Limitations of this study include early termination of the study, due to the findings of significant superiority of buprenorphine on the primary drug use outcome measures, which resulted in a final sample size that was smaller than initially planned.40,41
The observed, non-significant differences in pair-wise comparisons on some drug use and HIV risk reduction measures and retention (e.g., between naltrexone- and placebo-treated patients on all of these measures or between buprenorphine- and naltrexone-treated patients on some of the measures) would not have been likely to reach the level of statistical significance with the originally planned sample size but could be large enough to be of potential clinical importance if found to differ significantly in a much larger study. Missing data, resulting mainly from the high attrition of patients treated with naltrexone or placebo and subsequent loss to follow-up of some non-completing patients, may have blunted the findings with regard to the efficacy of buprenorphine, since most patients who left treatment prematurely had resumed heroin use prior to leaving treatment, and premature discontinuation of treatment is usually followed by relapse. Drug use outcomes and retention were based on objective measures, but HIV risk behaviors were assessed by self-report and could not be validated by objective measures. Despite efforts to maintain the medication blind, differences in medication effects allowed most patients treated with buprenorphine or naltrexone to break the blind and identify correctly the medication they were receiving. Study eligibility criteria, the requirement that all patients complete a residential detoxification before randomization, and the use of a single study site and limited sample size limit the generalisability of the study findings to other patient populations or settings. Buprenorphine may have even greater effectiveness compared to detoxification followed by drug counseling alone or with naltrexone in “real world” settings where heroin-dependent patients are directly inducted on buprenorphine without first needing to undergo detoxification.
This study has important implications for clinical practice and public health policy.
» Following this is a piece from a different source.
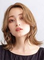顔周りレイヤーとフェイスラインの大きなSカールがポイントのミディアムスタイルです。前髪はフワッとかきあげて、抜け感と透明感のある仕上がりに。

Although opioid agonist maintenance treatment remains unavailable in many areas, the findings of this study provide strong support for the efficacy of buprenorphine maintenance treatment for reducing illicit opioid use and retaining patients in treatment, compared to either naltrexone maintenance treatment or drug counseling only, and some support for the potential efficacy of all 3 treatments to reduce HIV transmission risk associated with injection drug use.3,14,15
The ease of induction onto buprenorphine in ambulatory settings, the low incidence of serious adverse events or medical symptoms leading to treatment discontinuation associated with buprenorphine in this study and previous studies,18,42
and the potential for providing more liberal take home doses than were provided in the clinical trial also facilitate dissemination of this treatment. These considerations support dissemination of opioid agonist maintenance treatment with buprenorphine or methadone (which has at least comparable efficacy, greater ease of induction, and generally lower medication cost compared to buprenorphine) as an important component of an effective public health approach for reducing problems associated with heroin dependence.